My own menopause came earlier than I expected: I was done and out at 48. It was a rocky sort of a ride, and I emerged feeling fundamentally different. On the advice of Rabbi Cheryl Peretz at the AJU, I decided to see if I could create a ritual for myself to mark the transition.

It turned out to be a fulfilling project. The AJU has a beautiful mikveh, which provided the mise en place; seven dear women, ranging in age from their 20s to their 70s and including both family and friends, came to be with me. I wrote a list of seven things I was relinquishing, one for each step into the mikveh, and seven things I was claiming as I came back up the steps. In between, there were three immersions, with blessings. The photos (there are photos, not for publication but I am glad to have them) show me sopping wet, with a radiant, tearful smile that beams out and is reflected in the faces around me.

Since then, I’ve written other mikveh ceremonies to mark other women’s transitions - post-surgery, post breakup, pre-wedding.
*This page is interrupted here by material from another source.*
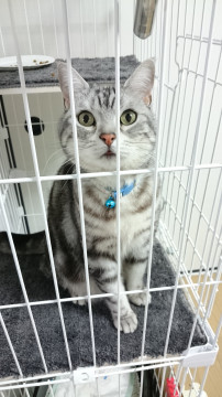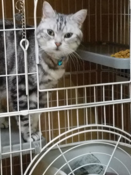 白と水色の首輪をつけていますが、ひっかかったらとれてしまうタイプなので、現在ついているかわかりません。

I’m reassured by the fact that there are other women out there doing the same. I find myself wondering about reclaiming other rituals - for example, whether the piece of jewelry called the yerushalayim shel zahav that Rabbi Akiva purchased for his wife might form the basis of some kind of crowning ceremony. I wonder what other models are hiding in the sources.

And I’m left with the feeling that, while I have no wish to breach privacy, there is a deep conversation which needs to be had about Jewish understandings of menopause. Just about every Jewish woman over 55 has gone through it. Surely there should be a ritual language for this transition, too?